[Provided records — start]

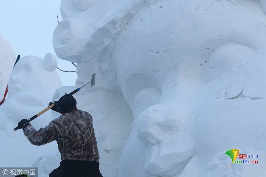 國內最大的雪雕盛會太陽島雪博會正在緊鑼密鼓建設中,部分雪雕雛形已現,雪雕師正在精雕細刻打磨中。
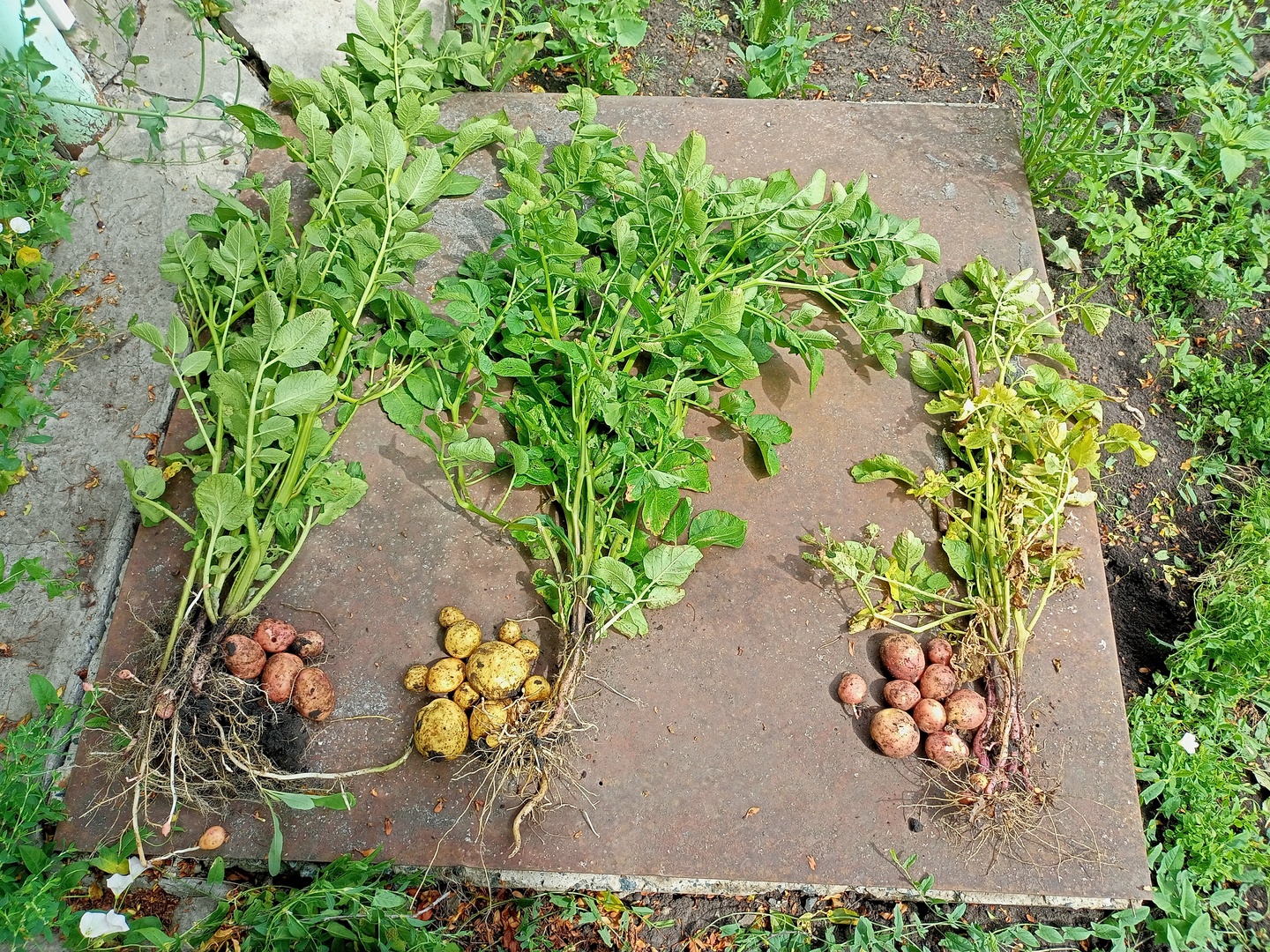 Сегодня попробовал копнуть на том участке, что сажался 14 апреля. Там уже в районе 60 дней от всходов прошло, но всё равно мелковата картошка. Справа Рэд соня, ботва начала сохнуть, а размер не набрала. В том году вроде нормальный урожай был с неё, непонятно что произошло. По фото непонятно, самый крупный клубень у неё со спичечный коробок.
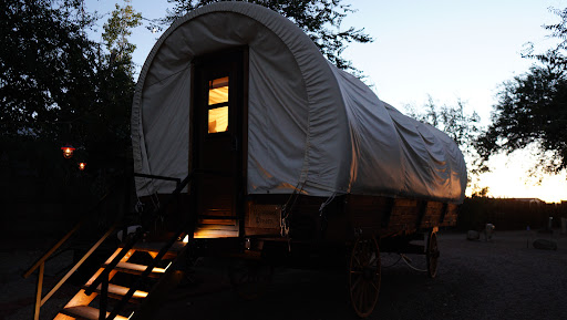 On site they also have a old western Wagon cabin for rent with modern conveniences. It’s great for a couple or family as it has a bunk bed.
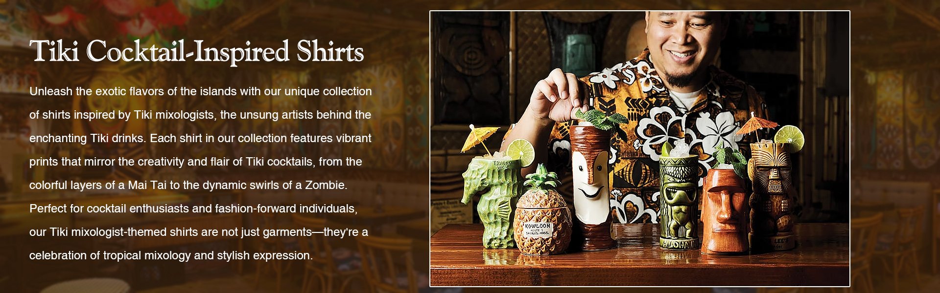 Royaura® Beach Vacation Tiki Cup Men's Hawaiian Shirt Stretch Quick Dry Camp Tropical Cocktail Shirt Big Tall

[Provided records — finish]
[Provided records — start]

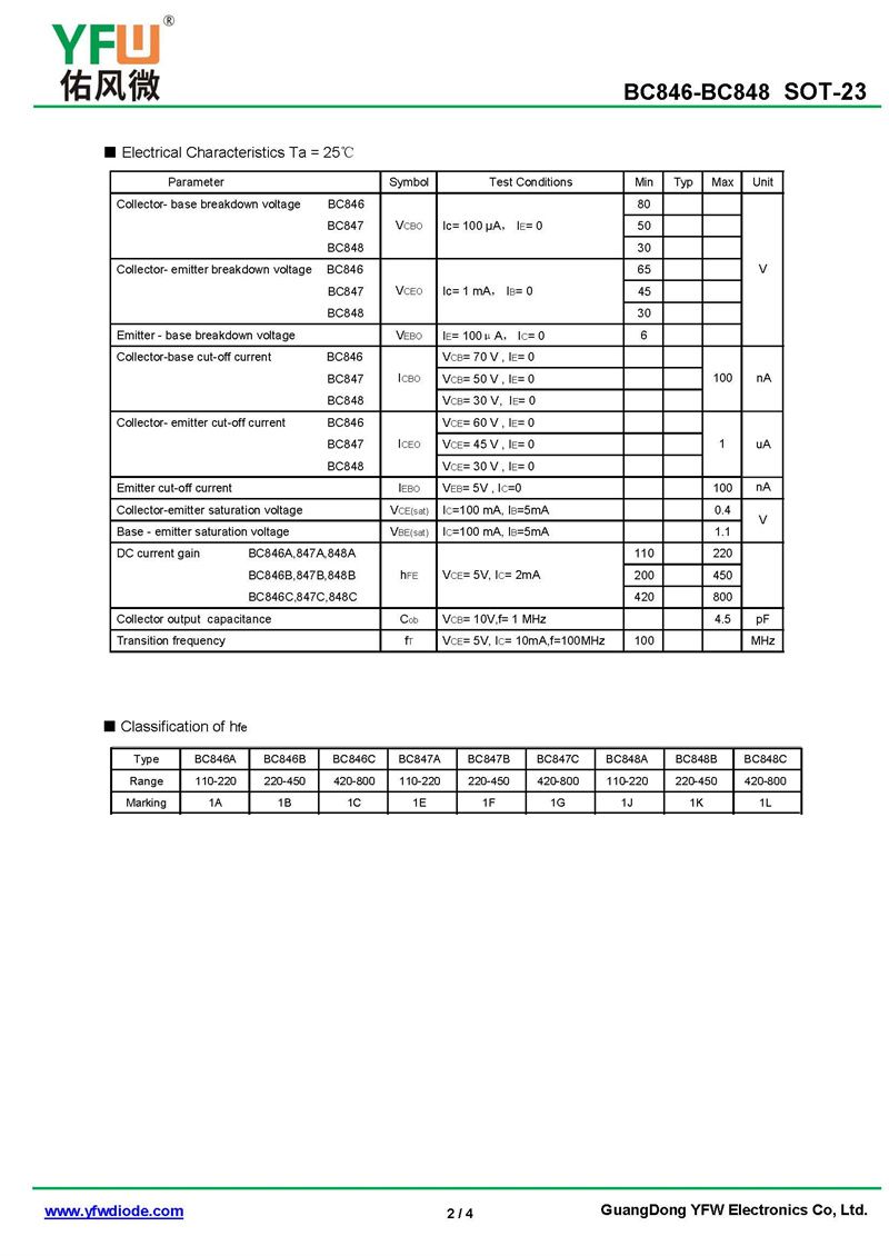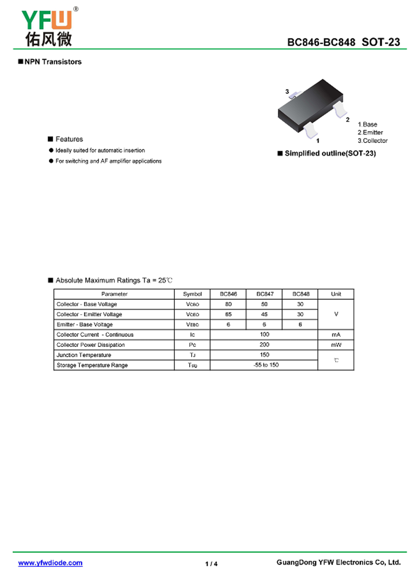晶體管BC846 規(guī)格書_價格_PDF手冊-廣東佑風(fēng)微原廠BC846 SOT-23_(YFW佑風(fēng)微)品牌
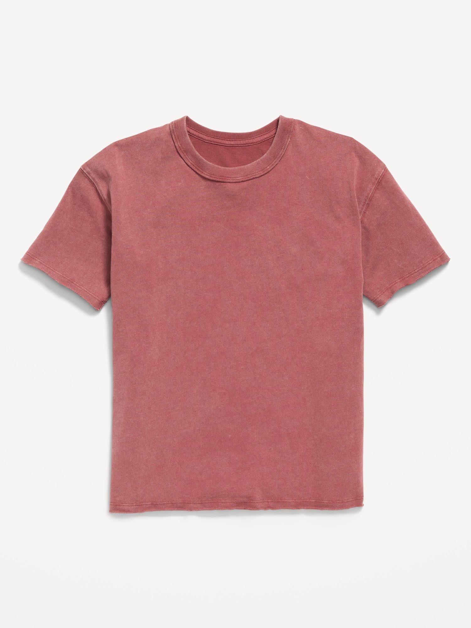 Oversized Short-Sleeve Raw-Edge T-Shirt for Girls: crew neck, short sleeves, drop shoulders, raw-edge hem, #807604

[Provided records — finish]
[Provided records — start]

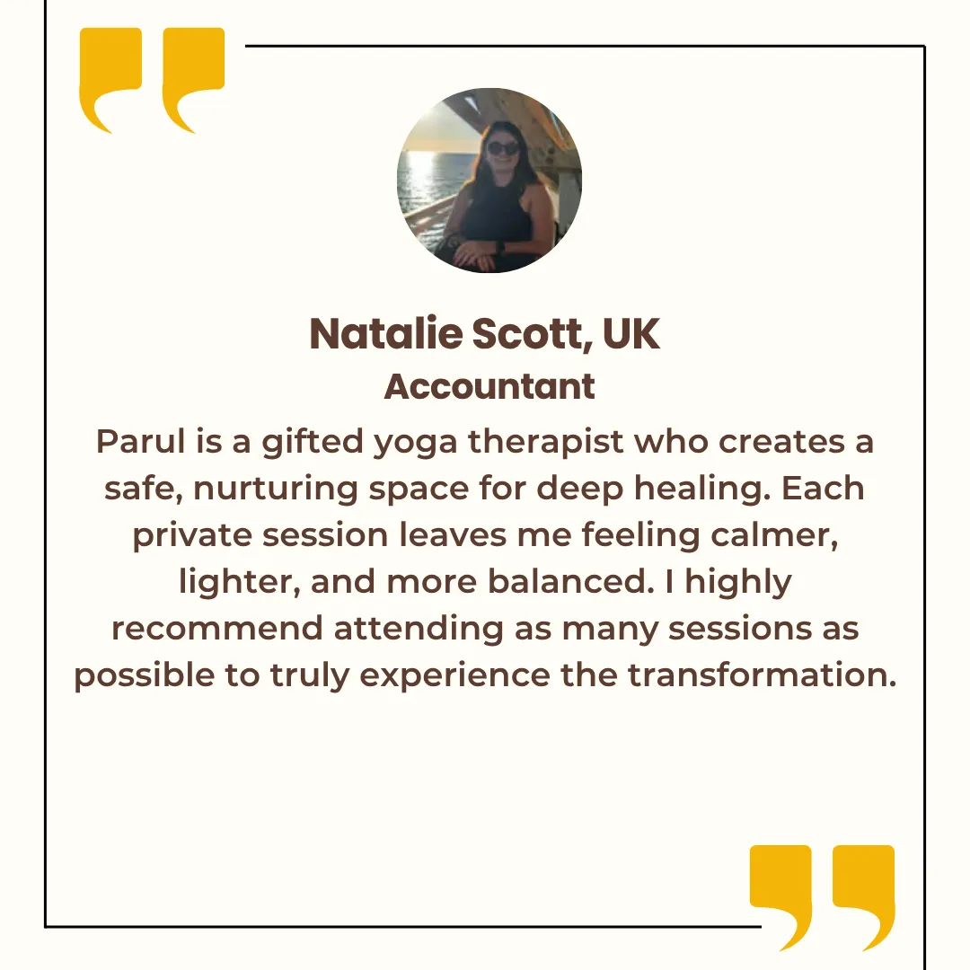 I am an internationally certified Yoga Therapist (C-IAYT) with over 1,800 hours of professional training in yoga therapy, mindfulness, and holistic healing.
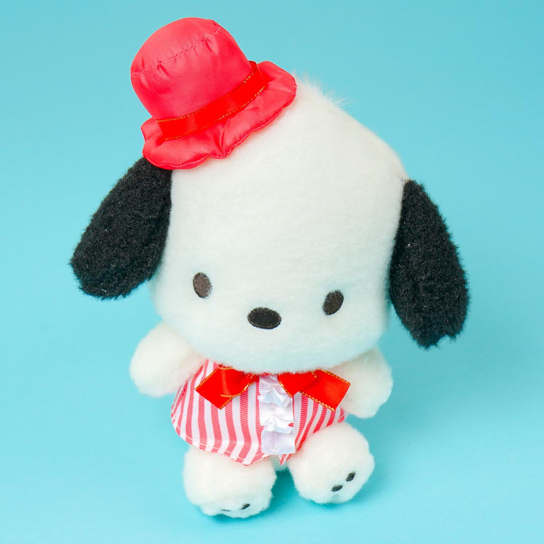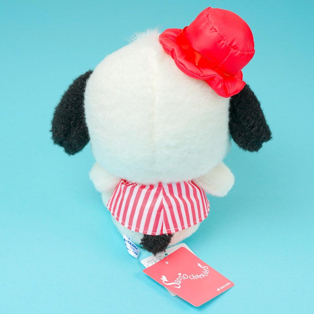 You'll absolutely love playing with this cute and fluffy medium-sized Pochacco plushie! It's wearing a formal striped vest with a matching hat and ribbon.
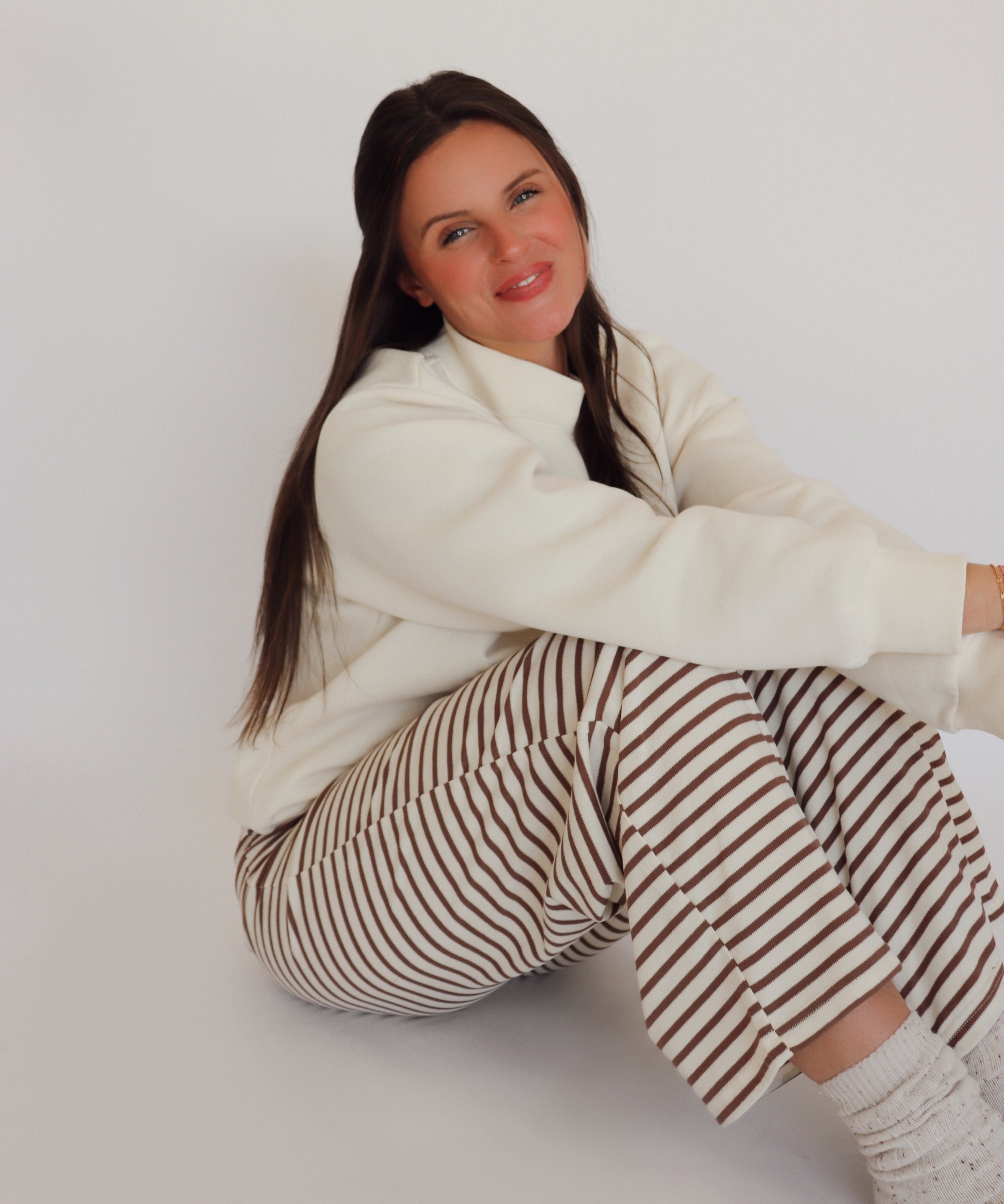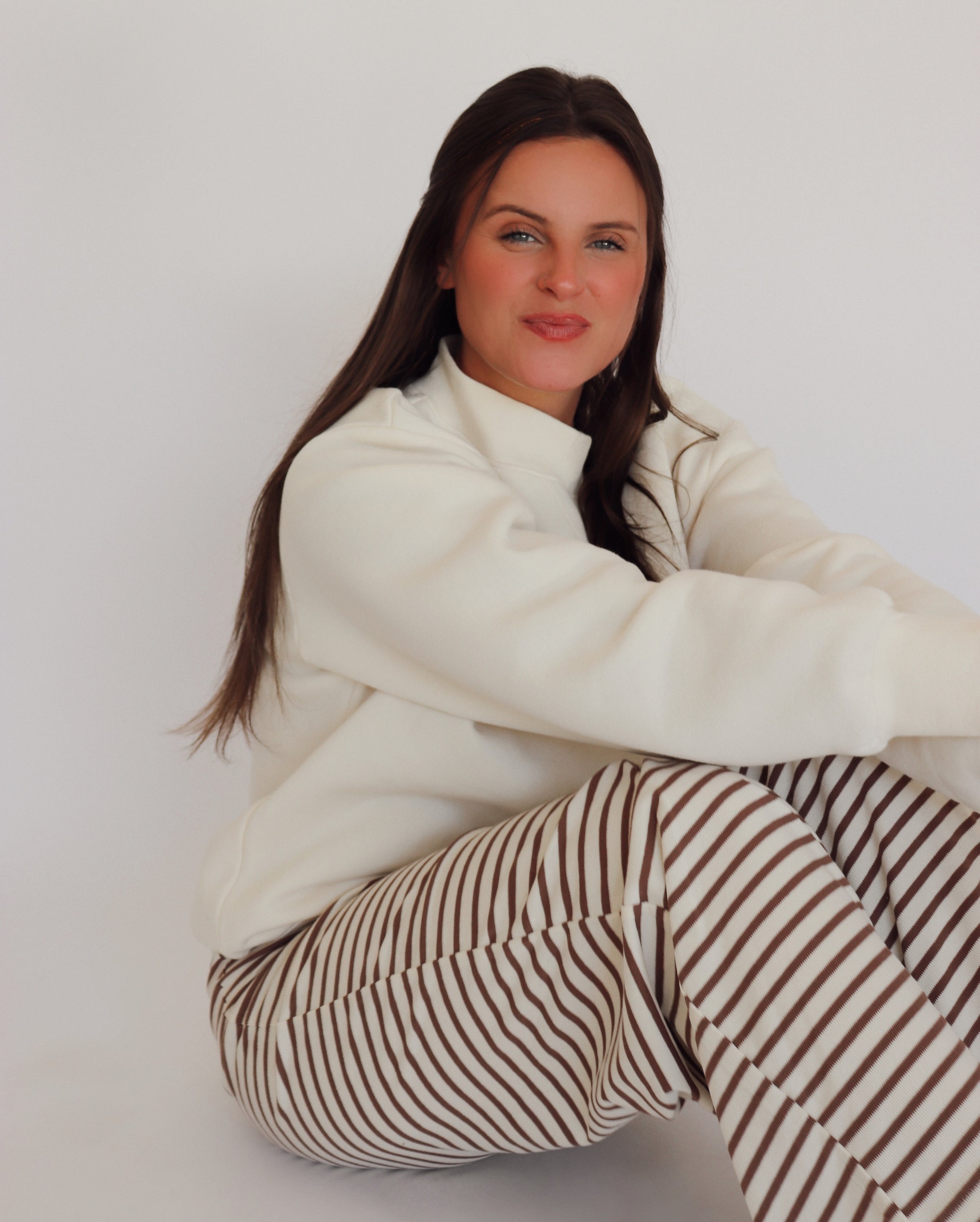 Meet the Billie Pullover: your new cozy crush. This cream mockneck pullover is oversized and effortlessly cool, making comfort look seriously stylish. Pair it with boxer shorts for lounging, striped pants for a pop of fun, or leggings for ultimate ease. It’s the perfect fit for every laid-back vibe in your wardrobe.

[Provided records — finish]

■ Exercise objective ■
Up in the listing, locate the line with "I am an internationally"; print it and every line after it down to the line with "You'll absolutely love", which is included too. Skip the pictures.

■ Answer to this task ■
 I am an internationally certified Yoga Therapist (C-IAYT) with over 1,800 hours of professional training in yoga therapy, mindfulness, and holistic healing.
 You'll absolutely love playing with this cute and fluffy medium-sized Pochacco plushie! It's wearing a formal striped vest with a matching hat and ribbon.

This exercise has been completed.